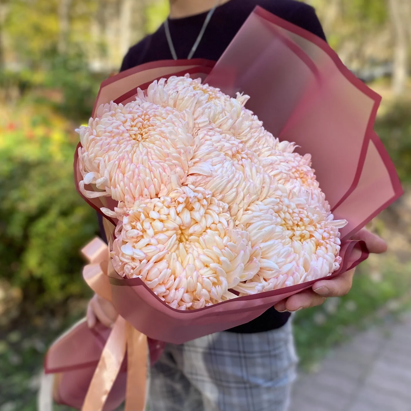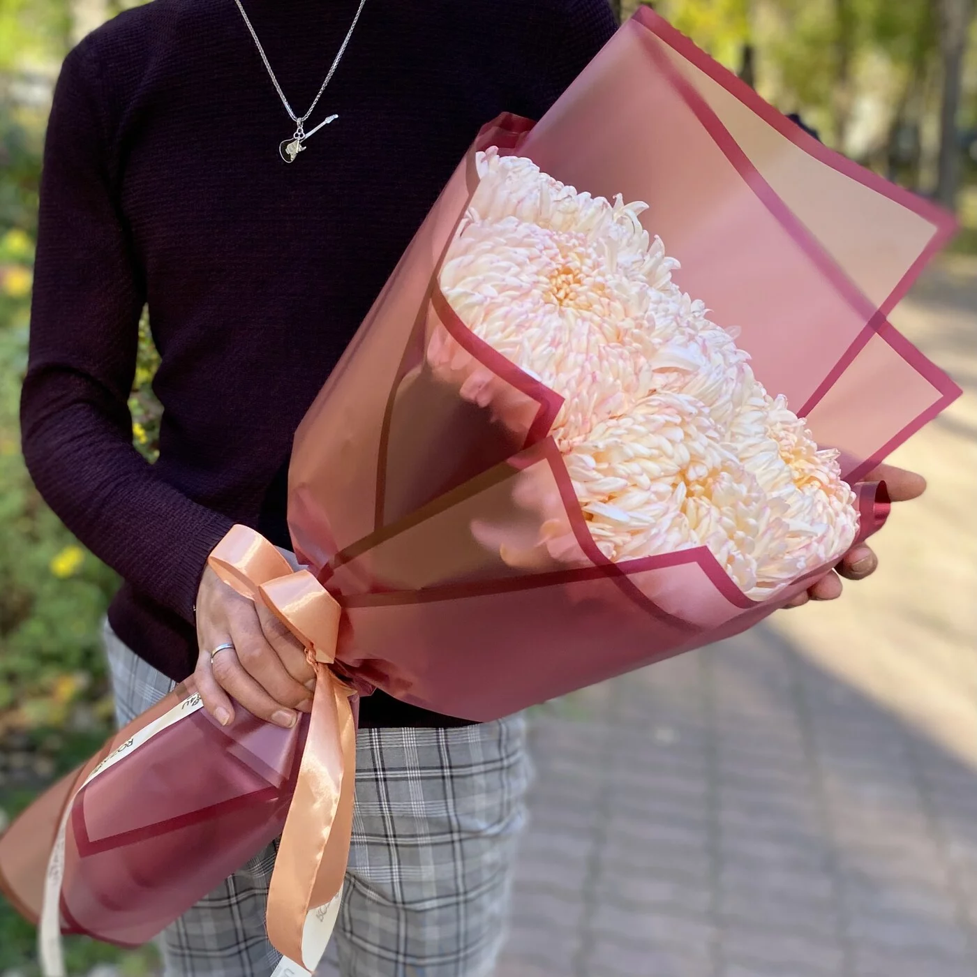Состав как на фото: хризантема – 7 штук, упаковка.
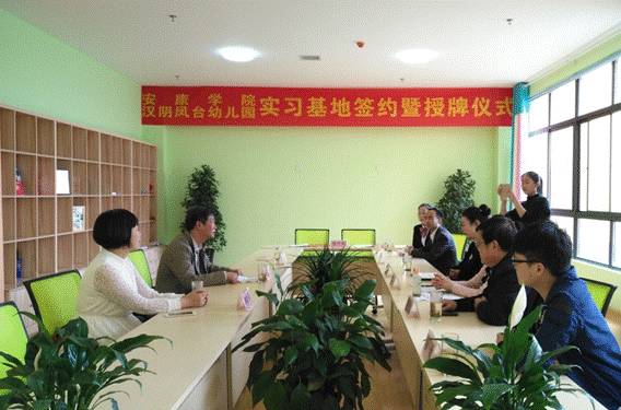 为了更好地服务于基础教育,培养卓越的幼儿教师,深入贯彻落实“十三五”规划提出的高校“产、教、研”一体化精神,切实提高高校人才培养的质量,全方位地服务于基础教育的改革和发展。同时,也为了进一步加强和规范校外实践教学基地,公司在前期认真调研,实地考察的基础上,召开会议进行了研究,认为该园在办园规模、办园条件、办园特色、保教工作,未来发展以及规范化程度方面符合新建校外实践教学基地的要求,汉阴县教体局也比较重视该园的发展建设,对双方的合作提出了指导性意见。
==
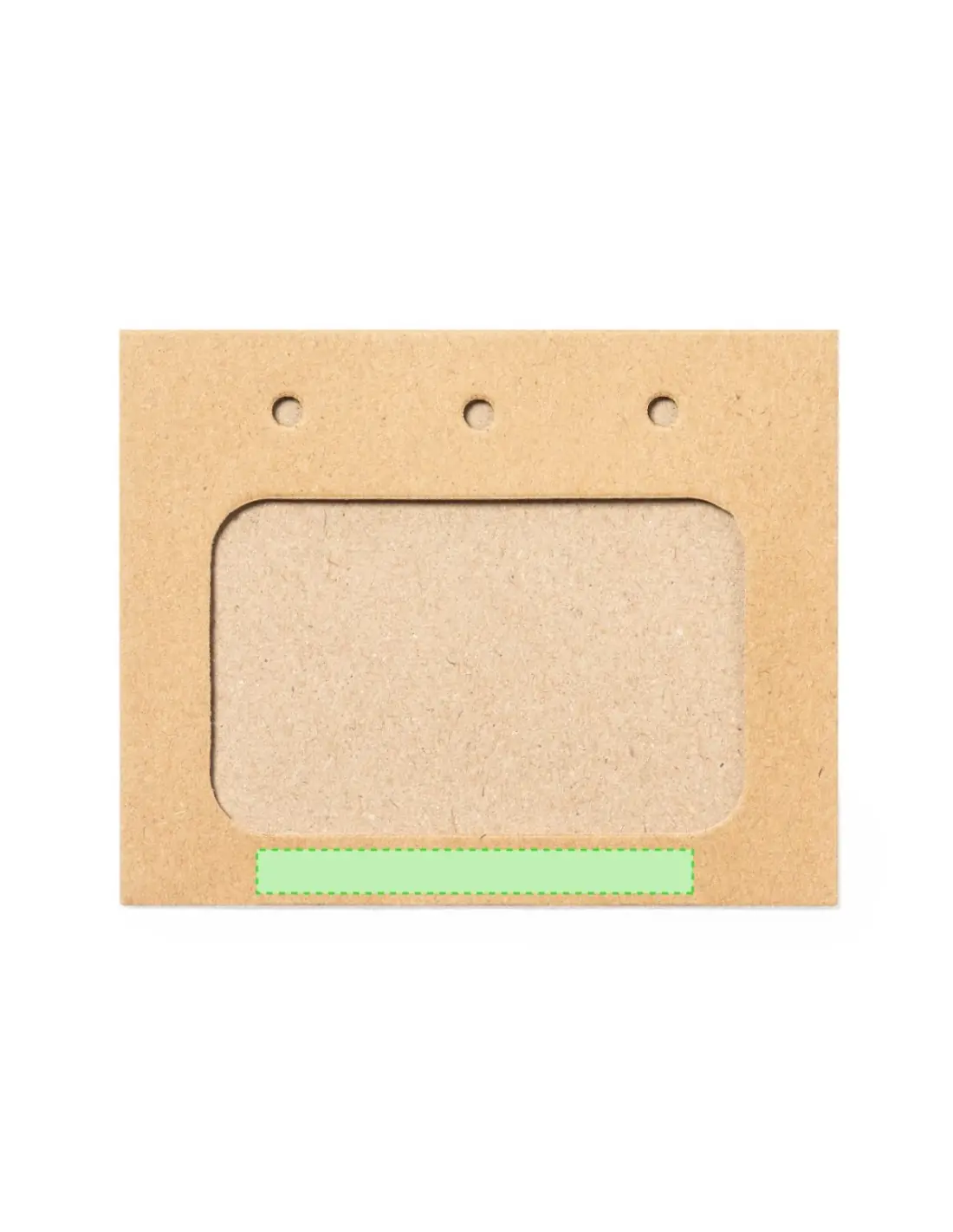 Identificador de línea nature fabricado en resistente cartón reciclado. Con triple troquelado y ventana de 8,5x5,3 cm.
==
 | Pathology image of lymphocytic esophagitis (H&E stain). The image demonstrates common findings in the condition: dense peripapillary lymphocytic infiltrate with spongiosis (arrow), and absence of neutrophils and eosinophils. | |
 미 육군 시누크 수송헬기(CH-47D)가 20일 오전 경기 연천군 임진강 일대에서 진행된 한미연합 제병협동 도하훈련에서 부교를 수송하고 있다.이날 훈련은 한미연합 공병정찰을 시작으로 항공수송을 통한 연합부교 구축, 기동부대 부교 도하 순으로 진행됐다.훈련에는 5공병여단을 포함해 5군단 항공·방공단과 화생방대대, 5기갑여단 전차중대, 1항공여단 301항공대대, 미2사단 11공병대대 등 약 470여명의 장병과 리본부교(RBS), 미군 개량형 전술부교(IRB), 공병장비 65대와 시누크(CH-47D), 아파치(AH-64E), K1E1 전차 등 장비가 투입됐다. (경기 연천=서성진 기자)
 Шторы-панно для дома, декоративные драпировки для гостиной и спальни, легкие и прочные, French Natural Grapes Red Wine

- [Problem description]: Using the material above, reproduce only the lines that run from the line with "Состав как на" up to and including the line with "为了更好地服务于基础教育,培", exactly, with the pictures dropped.

- [Task output]:
Состав как на фото: хризантема – 7 штук, упаковка.
 为了更好地服务于基础教育,培养卓越的幼儿教师,深入贯彻落实“十三五”规划提出的高校“产、教、研”一体化精神,切实提高高校人才培养的质量,全方位地服务于基础教育的改革和发展。同时,也为了进一步加强和规范校外实践教学基地,公司在前期认真调研,实地考察的基础上,召开会议进行了研究,认为该园在办园规模、办园条件、办园特色、保教工作,未来发展以及规范化程度方面符合新建校外实践教学基地的要求,汉阴县教体局也比较重视该园的发展建设,对双方的合作提出了指导性意见。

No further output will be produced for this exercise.